"Timing" The Market
There are many academic studies that will show that over the long-term, trying to consistently time the market (buying the lows and selling the highs) is not as successful a strategy as a simple "buy and hold" over the same time period.
Agreed!
And that is the argument for the "core" of any portfolio.
It still doesn't excuse the fact that investors have parked close to $6B in an RBC balanced mutual fund with an MER of 2.36%
What am I missing?
Do people actually look at the costs associated with owning this stuff? It riles me up!
But, I digress....
There is a place in a portfolio for "timing", when it is done by the professionals:
If you have new cash to invest and a re-balancing of your portfolio concludes that a certain % of that cash needs to be invested in the S&P 500 ETF (as an example, not as a recommendation), but all the metrics suggest that it is close to its all-time highs and very expensive, why not wait? (especially if you are already exposed to that asset class).
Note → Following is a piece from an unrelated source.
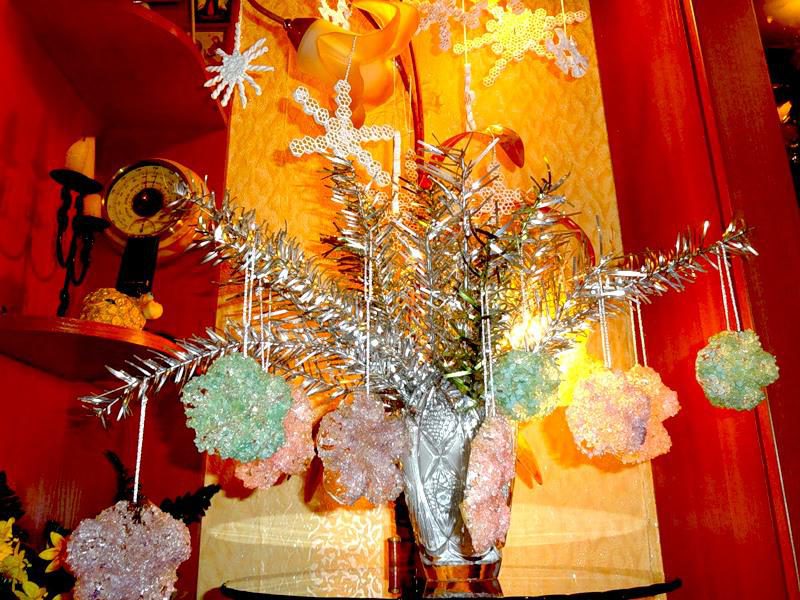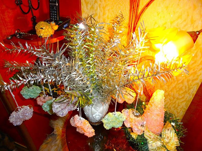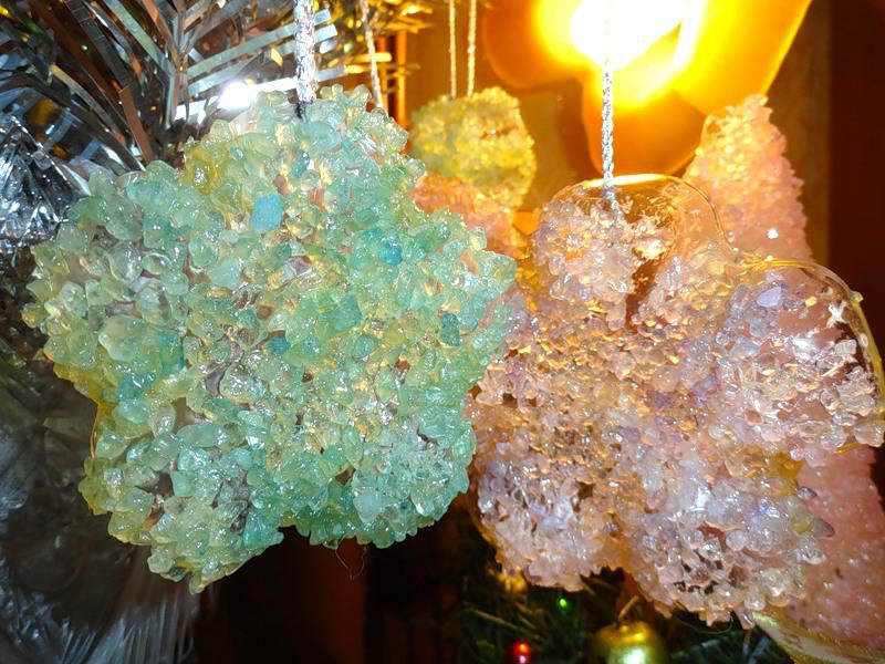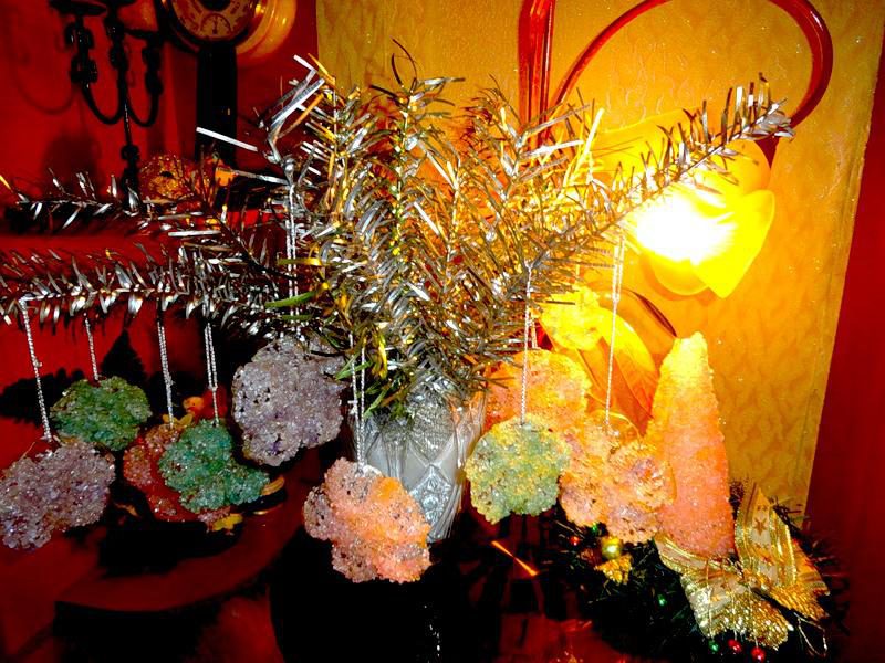 У меня была соль ТРЕХ цветов, поэтому понаделала разноцветных цветочков, и еще одну елочку успела!

If you are paying a fee for having your money managed, wouldn't you expect your manager / advisor to at least make that consideration? It can make a difference.
There are advantages to be had by being tactical. Not the whole portfolio, mind you, but just a certain portion.
It is what sets the good managers apart from the pack: the ability to pick their spots (to buy and to sell). It is what I would expect if I were paying a manager to manage my money. I would want some value for the fees that I pay.
So have a "core" of your portfolio fully invested, but have a portion of your portfolio that is tactically managed (by someone who knows what they are doing).
And for your own sake, please research the costs!